Parker Elected Corresponding Fellow of Royal Society of Edinburgh

Geoffrey Parker

Mershon affiliate Geoffrey Parker, Andreas Dorpalen Professor of History and Distinguished University Professor, is no stranger in the arena of the world’s top awards and honors, among them the Royal Netherlands Academy of Arts and Sciences' Dr. A.H. Heineken Prize for History in 2012 — his discipline's Nobel Prize.

Parker's latest honor, his election as corresponding fellow of the Royal Society of Edinburgh (RSE), has special resonance for him. “It was a particular pleasure and honor to learn that the Royal Society of Edinburgh has decided to elect me a Corresponding Fellow this year,” he said, “because I shall return to St.
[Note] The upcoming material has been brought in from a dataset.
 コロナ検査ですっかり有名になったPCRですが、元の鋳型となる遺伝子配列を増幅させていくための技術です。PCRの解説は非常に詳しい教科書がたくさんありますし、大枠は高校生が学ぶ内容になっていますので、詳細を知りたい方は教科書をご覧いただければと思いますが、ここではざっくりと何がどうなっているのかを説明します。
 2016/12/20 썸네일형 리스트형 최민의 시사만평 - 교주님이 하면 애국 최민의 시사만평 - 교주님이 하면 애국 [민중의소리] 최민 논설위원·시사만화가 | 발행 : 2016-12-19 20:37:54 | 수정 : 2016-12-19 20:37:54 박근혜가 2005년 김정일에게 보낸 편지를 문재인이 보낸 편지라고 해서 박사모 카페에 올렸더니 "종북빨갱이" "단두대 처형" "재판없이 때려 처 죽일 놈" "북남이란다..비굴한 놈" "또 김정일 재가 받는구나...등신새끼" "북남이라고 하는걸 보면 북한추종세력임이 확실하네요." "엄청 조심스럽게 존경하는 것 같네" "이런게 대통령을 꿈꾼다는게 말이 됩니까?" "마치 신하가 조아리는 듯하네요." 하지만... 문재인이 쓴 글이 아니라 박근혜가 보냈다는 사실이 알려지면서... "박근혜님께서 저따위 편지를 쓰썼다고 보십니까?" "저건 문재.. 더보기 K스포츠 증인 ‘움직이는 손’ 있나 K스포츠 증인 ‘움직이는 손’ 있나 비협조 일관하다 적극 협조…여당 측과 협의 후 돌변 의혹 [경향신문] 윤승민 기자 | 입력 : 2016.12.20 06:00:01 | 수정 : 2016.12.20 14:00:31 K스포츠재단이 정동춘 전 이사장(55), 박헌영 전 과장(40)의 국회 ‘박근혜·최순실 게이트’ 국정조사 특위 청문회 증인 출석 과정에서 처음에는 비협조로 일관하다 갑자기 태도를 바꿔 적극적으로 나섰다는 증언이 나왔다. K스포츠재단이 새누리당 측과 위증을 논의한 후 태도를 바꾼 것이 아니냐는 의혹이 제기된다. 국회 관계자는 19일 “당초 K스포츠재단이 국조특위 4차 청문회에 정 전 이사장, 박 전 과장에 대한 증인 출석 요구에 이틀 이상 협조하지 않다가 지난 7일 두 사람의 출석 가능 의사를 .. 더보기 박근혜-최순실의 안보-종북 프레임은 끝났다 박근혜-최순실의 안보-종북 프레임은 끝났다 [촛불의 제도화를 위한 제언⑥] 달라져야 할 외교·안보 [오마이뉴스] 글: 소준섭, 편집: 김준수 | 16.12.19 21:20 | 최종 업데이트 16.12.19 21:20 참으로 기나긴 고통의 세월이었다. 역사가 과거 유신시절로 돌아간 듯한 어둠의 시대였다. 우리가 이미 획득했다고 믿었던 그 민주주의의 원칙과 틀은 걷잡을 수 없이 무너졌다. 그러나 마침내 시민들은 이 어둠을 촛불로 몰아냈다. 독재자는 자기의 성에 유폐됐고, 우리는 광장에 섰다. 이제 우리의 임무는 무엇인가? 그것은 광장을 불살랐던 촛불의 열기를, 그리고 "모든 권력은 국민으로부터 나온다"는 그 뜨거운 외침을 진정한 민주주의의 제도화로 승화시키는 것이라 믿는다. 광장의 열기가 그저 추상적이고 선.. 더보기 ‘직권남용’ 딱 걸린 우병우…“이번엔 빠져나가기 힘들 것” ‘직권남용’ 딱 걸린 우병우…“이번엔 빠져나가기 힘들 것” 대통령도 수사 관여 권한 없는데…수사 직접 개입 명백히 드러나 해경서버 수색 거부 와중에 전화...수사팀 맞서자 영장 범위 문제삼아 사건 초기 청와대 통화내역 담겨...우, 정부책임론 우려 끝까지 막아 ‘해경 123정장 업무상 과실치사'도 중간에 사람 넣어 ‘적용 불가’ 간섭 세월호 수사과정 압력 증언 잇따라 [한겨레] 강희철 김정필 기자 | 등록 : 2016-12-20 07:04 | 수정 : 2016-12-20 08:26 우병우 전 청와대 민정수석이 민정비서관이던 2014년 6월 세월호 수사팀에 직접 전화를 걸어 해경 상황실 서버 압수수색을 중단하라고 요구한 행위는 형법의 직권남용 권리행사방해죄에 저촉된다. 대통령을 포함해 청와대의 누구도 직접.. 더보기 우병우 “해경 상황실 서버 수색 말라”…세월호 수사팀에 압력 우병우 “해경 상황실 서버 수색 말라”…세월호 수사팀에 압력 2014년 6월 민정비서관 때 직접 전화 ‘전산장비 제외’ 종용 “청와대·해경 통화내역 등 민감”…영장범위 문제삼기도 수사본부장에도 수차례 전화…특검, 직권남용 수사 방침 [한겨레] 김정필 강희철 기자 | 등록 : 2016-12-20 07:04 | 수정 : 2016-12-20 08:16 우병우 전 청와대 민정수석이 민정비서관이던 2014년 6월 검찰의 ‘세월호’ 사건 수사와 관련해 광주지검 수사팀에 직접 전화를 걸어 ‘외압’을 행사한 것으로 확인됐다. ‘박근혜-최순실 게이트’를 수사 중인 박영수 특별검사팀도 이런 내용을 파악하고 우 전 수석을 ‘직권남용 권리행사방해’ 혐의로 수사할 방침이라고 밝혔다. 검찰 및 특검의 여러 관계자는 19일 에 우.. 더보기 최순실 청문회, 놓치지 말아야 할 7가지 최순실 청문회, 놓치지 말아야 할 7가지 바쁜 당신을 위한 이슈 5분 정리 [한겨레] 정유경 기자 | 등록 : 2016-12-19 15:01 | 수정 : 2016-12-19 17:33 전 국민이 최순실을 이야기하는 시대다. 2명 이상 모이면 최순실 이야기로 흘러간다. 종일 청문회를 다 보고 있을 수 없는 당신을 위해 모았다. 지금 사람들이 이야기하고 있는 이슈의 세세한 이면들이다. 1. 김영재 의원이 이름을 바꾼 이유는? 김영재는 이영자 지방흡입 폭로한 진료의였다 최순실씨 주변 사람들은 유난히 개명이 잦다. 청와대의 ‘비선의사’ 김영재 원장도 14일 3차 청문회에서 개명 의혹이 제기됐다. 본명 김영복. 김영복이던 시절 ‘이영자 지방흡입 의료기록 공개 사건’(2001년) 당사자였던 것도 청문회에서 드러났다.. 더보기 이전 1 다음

Andrews this spring as a Carnegie Centennial Professor, one of three appointed for 2016.”

"The Carnegie Trust has strong links with Ohio State, as well as with St Andrews: Some years ago it selected several departments at Ohio State to take part in the Carnegie Initiative on the Doctorate — an effort to identify and standardize best practices in postgraduate education," Parker said. "I was proud to take part in that process as a representative of the Department of History."

“Also, I spent 14 years teaching at St. Andrews, 1972-86, and since then I have returned several times to lecture — both there and at other Scottish universities.”
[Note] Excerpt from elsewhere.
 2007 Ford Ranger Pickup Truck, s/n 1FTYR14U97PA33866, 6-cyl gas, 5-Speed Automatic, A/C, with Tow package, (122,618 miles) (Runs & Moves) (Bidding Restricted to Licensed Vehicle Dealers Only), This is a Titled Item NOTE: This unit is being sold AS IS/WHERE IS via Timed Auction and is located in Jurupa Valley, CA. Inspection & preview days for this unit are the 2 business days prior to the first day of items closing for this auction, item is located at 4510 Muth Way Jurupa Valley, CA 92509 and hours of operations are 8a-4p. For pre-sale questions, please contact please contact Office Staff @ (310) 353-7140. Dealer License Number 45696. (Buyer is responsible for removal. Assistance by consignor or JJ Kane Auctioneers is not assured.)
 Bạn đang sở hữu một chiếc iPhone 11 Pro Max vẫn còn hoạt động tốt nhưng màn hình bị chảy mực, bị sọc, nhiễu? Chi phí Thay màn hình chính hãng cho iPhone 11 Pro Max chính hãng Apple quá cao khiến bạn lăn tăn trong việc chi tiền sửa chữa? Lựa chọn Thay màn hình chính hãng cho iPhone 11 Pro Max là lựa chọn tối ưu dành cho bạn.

Created in 1783 by Royal Charter for “the advancement of learning and useful knowledge,” the Royal Society of Edinburgh is Scotland’s National Academy of Science and Letters. New fellows, elected to the RSE through a rigorous five-stage nomination process, include the full spectrum of disciplines, giving it a multidisciplinary perspective that is unique among national academies.

All new fellows are invited to an Induction Day in mid-May — a formal ceremony at which they sign the society’s Roll Book to be formally admitted to the fellowship.

Parker is in exceptional company. Past society presidents include Sir Walter Scott, Lord Kelvin and Sir Michael Atiyah. Each year’s list of new inductees is both international and impressive — including Ohio State's only other RSE fellow, Distinguished University Professor and Professor of Chemistry James Cowan (2014).

Parker studies the social, political and military history of Europe between 1500 and 1650, with special reference to Spain and its empire. He is author, editor, or co-editor of 37 books and more than 100 articles and book chapters.

Parker's most recent book is The Global Crisis: War, Climate, and Catastrophe in the 17th Century (Yale University Press, 2013), concerning the climatically-induced crisis that created acute political, economic, intellectual and social upheaval all round the globe, causing the premature death of around one-third of the human population. Although not the first such worldwide crisis, it is both the most recent and the only one for which plentiful records survive.

Parker's best-known book is probably The Military Revolution: Military Innovation and the Rise of the West, 1500-1800, first published by Cambridge University Press in 1988 and winner of two book prizes. An expanded edition came out in 2002, with Chinese, French, Italian, Japanese and Spanish translations. He plans to publish a third, thoroughly revised edition in 2014.